My thoughts drifted back to the many lessons fly-fishing has taught me. Many of those insights are shared here. Maddie and Art among the instructors. The lessons run the gamut, from fly selection to presentation. The starting point is generally the selection of the fly. Dry flies for the mid-summer top water eat. Nymphs for the early season bite. Streamers for the big fish in the deep holes.
Ironically, one of the holes in my angling game was streamers. The irony, everyone likes to catch the big fish, me included. So, why would I neglect this area of my skills? What I had learned worked most of the time. There was little need to evolve when I was having success. My experience was predominantly in the summer and early fall. This is when the classic topwater or dry-fly eats happen. The nymph in my mind was an addition to get to a second level in the water column. This is where 80% of the food is consumed by the native Cutthroat trout. Below the surface of the river.
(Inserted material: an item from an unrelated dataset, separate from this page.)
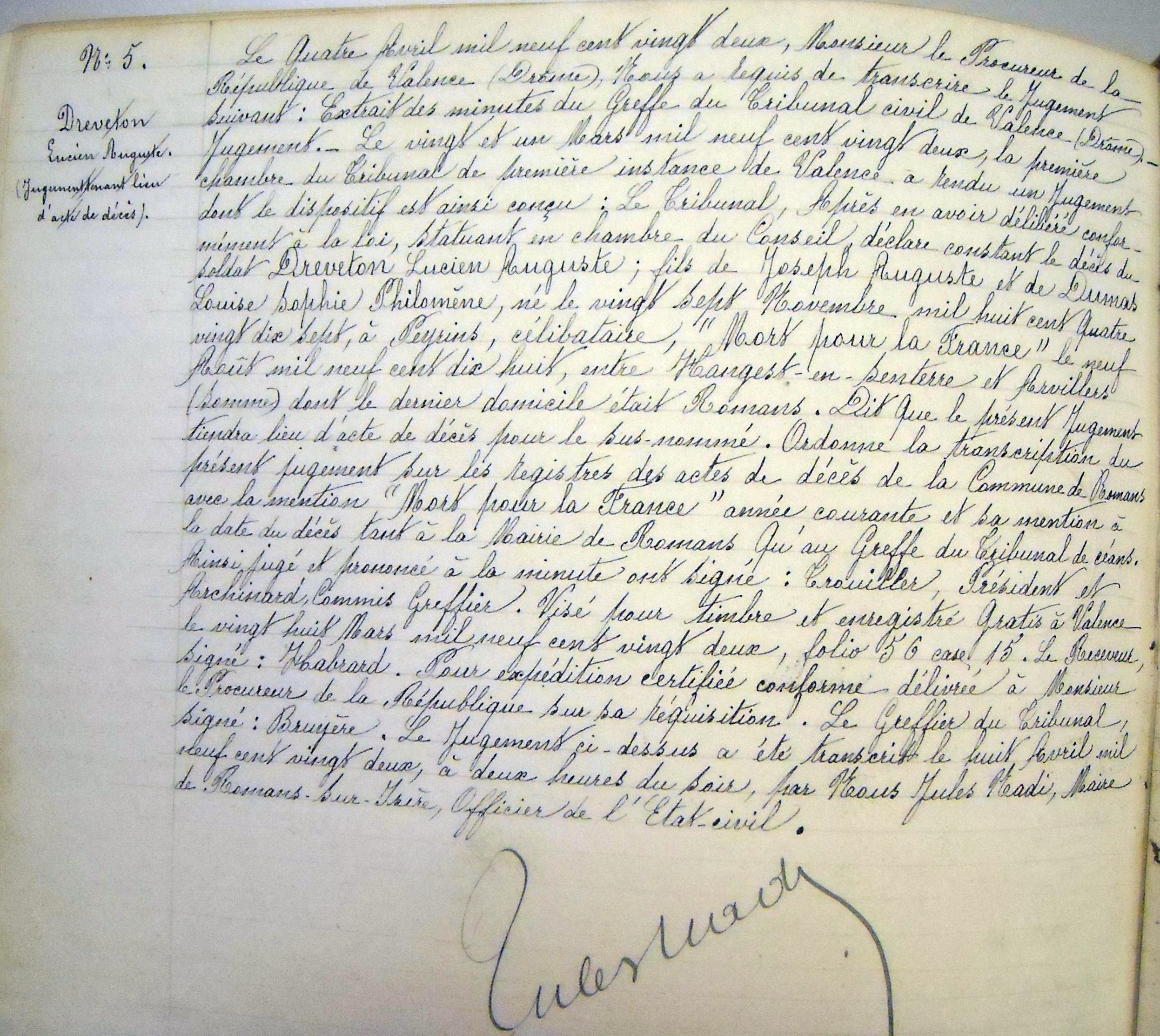 Le décès a été inscrit sur les registres de décès de Romans, Drôme : mention marginale 1918/303bis, jugement tenant lieu d’acte de décès 1922/5 du 8 avril 1922.

Streamers are flies designed to imitate other fish and larger food in the water, like leeches and even mice! They are a bigger meal for the trout. Bigger meal, bigger fish. The challenge is learning technique. This took more patience than I could muster. So, I just used the technique I knew, because I had been successful in the past.
Last autumn, I was determined to learn the streamer game. I was with a friend, one of the usual suspects, when I decided to commit for the day. Streamers only for that day. It was slow anyway, as winter was approaching. Let’s give it a go!
The first casts were on target, no results. Then, less than an hour into the experience, bam! A bite, I missed the hookset. I learned something; the bite was more subtle than I thought. Again, cast into the deep hole I know as the corner pocket. Bam! This time, less subtle, and the strip set was perfect. A huge Cutthroat, close to 20 inches. Wow! He was almost to the gravel bar I was standing on, and he thrashed his head to the north and broke my line. Augh!!
The next cast, bam! Another big fish, hookset good, caught and landed. I was screaming I was so excited. My friend looked at me curiously? I just figured out using streamers. This opens another section of the water column, where the big fish eat.
How does this relate to the market? The US is one of the worst-performing markets of developed countries year-to-date. Goldman Sachs issued a report yesterday that estimates that 55% of the cost of the tariffs was passed through to US consumers, while 22% falls on US businesses. That is $100 Billion, real money!
We are using the wrong fly. It isn’t working. Instead of restricting trade, why not feed it the right fly? Instead of punching trading partners in the face, why not develop these relationships?
…it all reminds me of an old saying, “if the only tool you have is a hammer, everything looks like a nail.”
Let’s try getting along, might catch a nice fish.